**Problem requirements:**
In the material below, find the line containing "Screenprints in colors on Arches paper" and the line containing "Le pull MIKOLLAYX", then reproduce exactly both of them and every line between, and nothing else.

**Input:**
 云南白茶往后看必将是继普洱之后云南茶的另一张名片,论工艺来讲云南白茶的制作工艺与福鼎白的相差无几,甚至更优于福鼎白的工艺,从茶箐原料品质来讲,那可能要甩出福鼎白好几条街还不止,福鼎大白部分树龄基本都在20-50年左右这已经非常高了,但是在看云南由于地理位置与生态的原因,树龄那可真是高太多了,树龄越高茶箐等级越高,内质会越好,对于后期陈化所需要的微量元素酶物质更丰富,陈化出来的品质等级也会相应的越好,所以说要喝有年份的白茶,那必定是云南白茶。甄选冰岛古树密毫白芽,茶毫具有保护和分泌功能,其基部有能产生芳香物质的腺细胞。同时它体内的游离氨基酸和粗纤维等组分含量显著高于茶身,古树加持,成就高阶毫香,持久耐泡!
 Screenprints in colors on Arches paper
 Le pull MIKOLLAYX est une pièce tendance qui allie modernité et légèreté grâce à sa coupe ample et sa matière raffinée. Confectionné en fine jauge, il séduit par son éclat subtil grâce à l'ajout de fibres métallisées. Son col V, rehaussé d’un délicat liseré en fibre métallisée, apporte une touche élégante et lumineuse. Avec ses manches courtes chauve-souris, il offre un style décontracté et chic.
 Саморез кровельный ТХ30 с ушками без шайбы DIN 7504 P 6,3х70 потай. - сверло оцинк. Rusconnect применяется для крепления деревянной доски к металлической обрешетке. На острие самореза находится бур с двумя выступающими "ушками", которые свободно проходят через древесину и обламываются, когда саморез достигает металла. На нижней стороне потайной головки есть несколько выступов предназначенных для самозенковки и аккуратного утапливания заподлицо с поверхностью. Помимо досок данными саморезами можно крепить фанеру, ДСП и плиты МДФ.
---
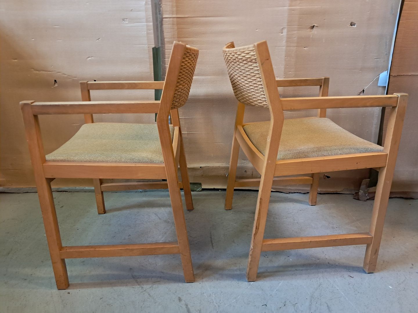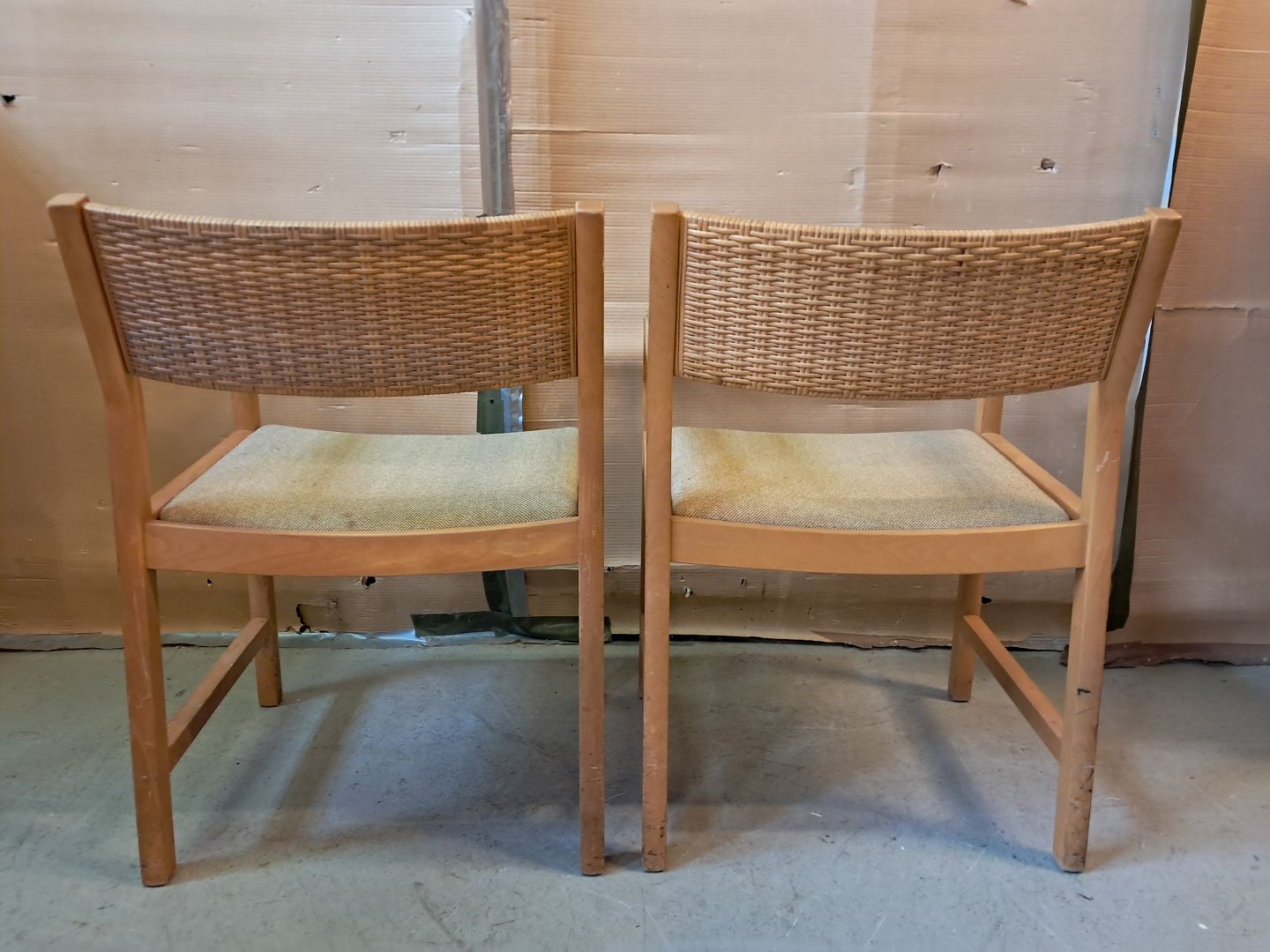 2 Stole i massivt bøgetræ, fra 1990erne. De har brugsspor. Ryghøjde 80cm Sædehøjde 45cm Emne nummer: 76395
---
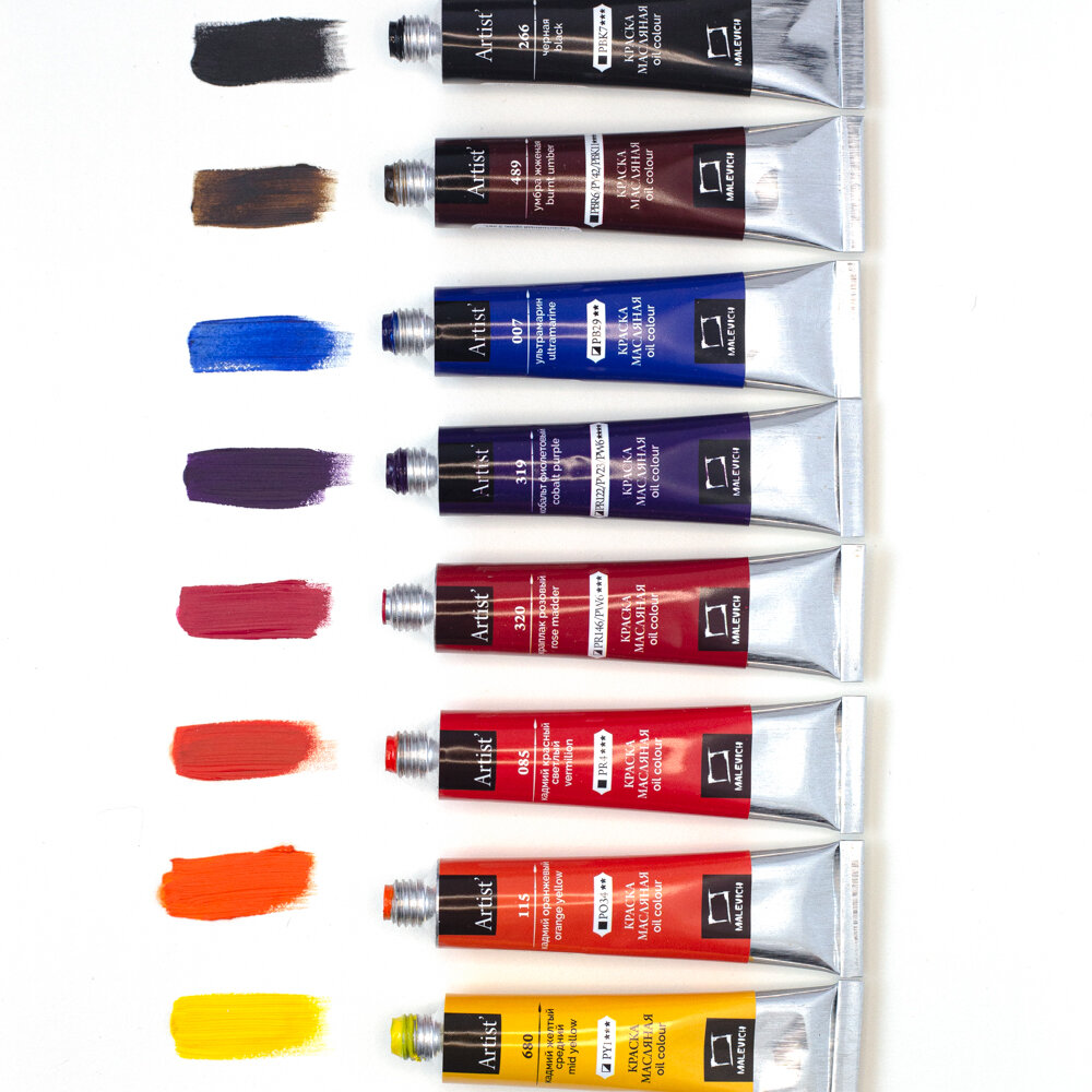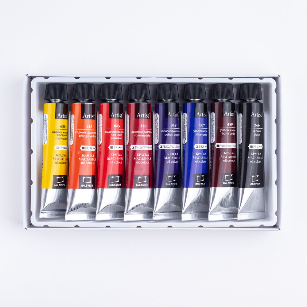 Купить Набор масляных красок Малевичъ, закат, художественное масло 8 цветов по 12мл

**Problem solution:**
 Screenprints in colors on Arches paper
 Le pull MIKOLLAYX est une pièce tendance qui allie modernité et légèreté grâce à sa coupe ample et sa matière raffinée. Confectionné en fine jauge, il séduit par son éclat subtil grâce à l'ajout de fibres métallisées. Son col V, rehaussé d’un délicat liseré en fibre métallisée, apporte une touche élégante et lumineuse. Avec ses manches courtes chauve-souris, il offre un style décontracté et chic.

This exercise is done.